2026-06-30 10:59:43 +08:00
chiguyong 4dc58c24bc feat(U2): emit phase_violation WS event alongside LLM reinjection
Wave 3 only injected the violation error dict back to the LLM as a tool
result. Wave 4 U2 adds a parallel WS event so the frontend PhaseIndicator
can surface violations to the user.

- ReActEngine: add _phase_violations accumulator (list[dict]). Cleared in
  reset(). _check_phase_permission appends a structured violation dict
  (with new violation_kind field: tool_not_allowed | bash_command_blocked)
  before returning the error.
- Add _drain_phase_violations(step) helper that pops pending violations
  and returns ReActEvent(event_type="phase_violation", ...) list.
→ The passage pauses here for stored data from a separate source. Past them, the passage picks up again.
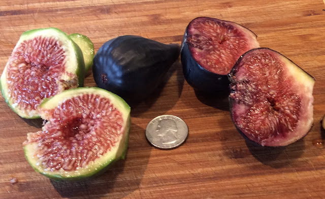 The figs on the right are from the tree I'm giving away, from this summer. On the left is Lattarula, for comparison.
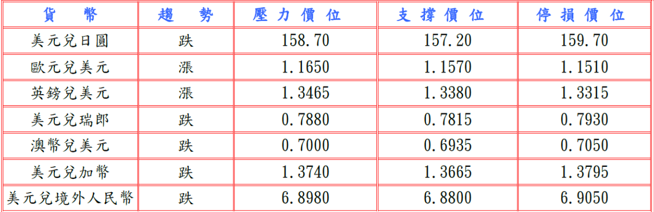 隨著路透/益普索最新調查顯示,美國與伊朗衝突抑制全球石油供應,汽油價格上漲已開始對美國家庭財務造成衝擊,絕大多數美國人預計燃料成本將繼續攀升,並據美國數據顯示2月全國活動指數降至負0.11及1月建築支出較前月下滑0.3%遜於預期,而且美國總統川普表示與伊朗進行良好且富有成效的對話,將下令任何針對伊朗發電廠和能源基礎設施的軍事打擊行動推遲五天,緩和緊張情緒,打擊美元兌日圓跌至158.02低點。預估今日美元兌日圓阻力於158.70-90,支撐於157.00-20。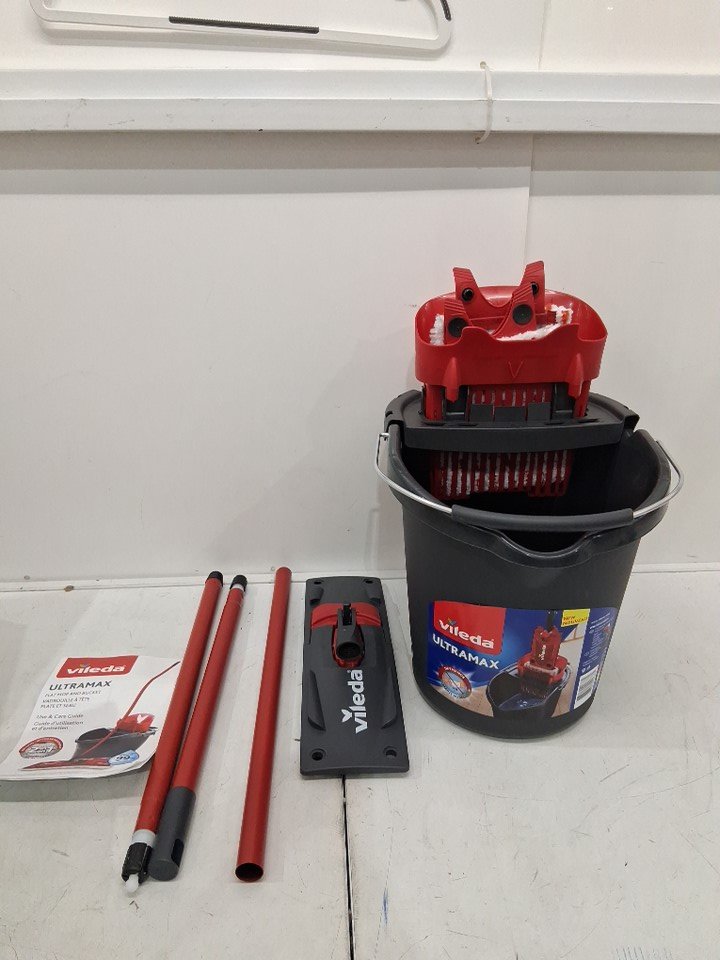 VILEDA ULTRAMAX FLAT MOP and BUCKET SYSTEM - 10L - RED/BLACK (MODEL: 161556)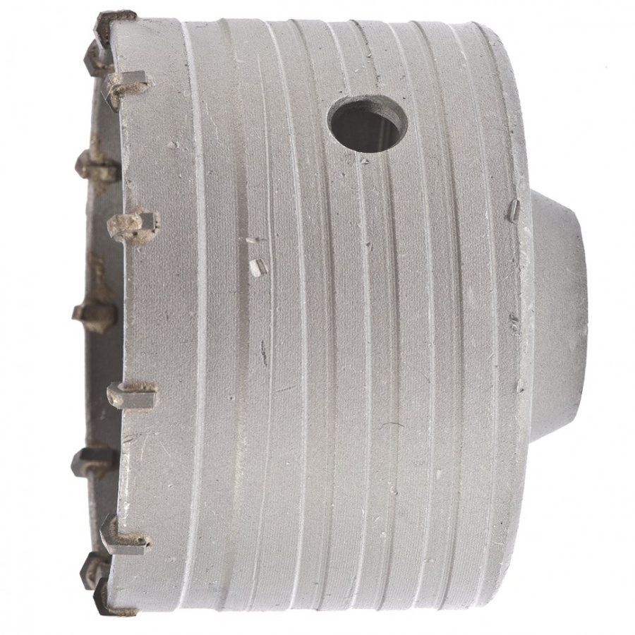 На внешней стороне коронки нарезана спиральная канавка для улучшения вывода продуктов сверления и снижения нагрузки на перфоратор.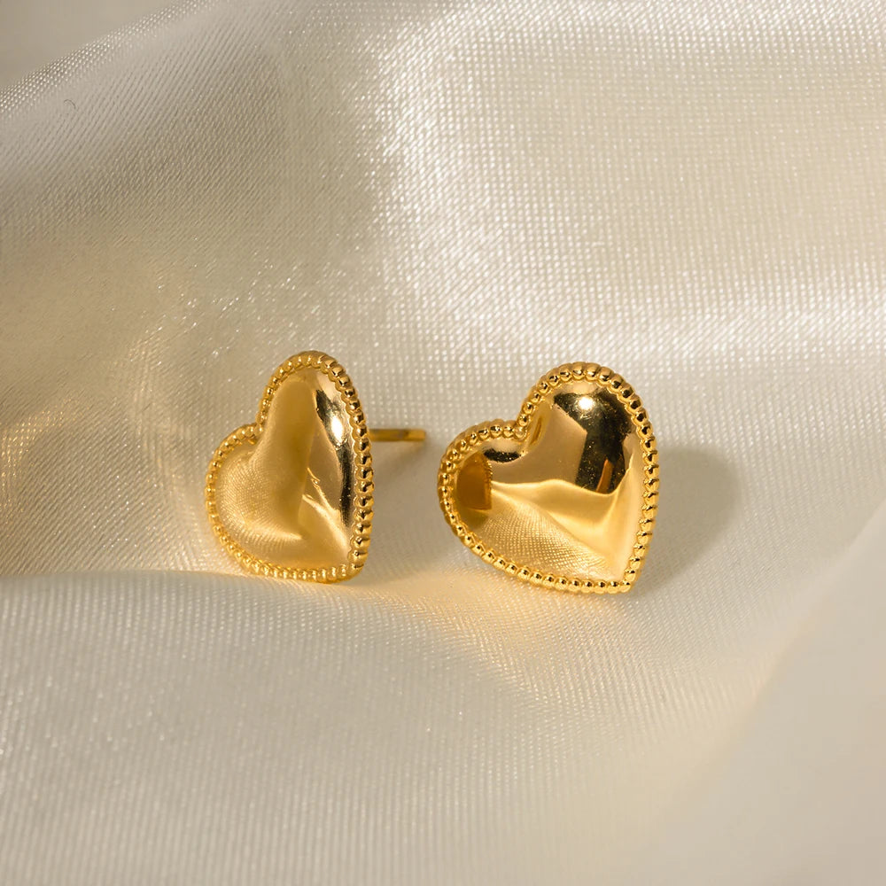 ステンレス304 低ニッケル 水に濡れても錆びにくい 18Kゴールドメッキ ピアス ハート 【YJ03422】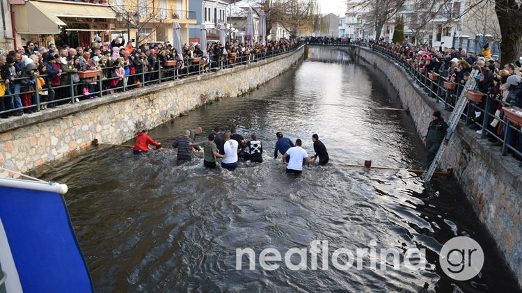 Αρκετοί ήταν και αυτοί που βούτηξαν στα παγωμένα νερά για να ανασύρουν τον Τίμιο Σταυρό, ο οποίος βρέθηκε τελικά μετά από δύο ώρες, καθώς είχε κολλήσει κάτω από μία πέτρα.

Events
  carry a shallow copy of the violation dict so callers can't mutate the
  accumulator.
- execute_stream: drain after each tool_result yield at all 3 tool
  execution sites (parallel, serial-with-confirmation, parsed_calls).
  Non-streaming execute() ignores the accumulator (the LLM reinjection
  via the error dict is the only signal there).
- chat.py WS handler: new elif branch forwards phase_violation ReActEvents
  to the client as {"type": "phase_violation", "data": ...} WS messages.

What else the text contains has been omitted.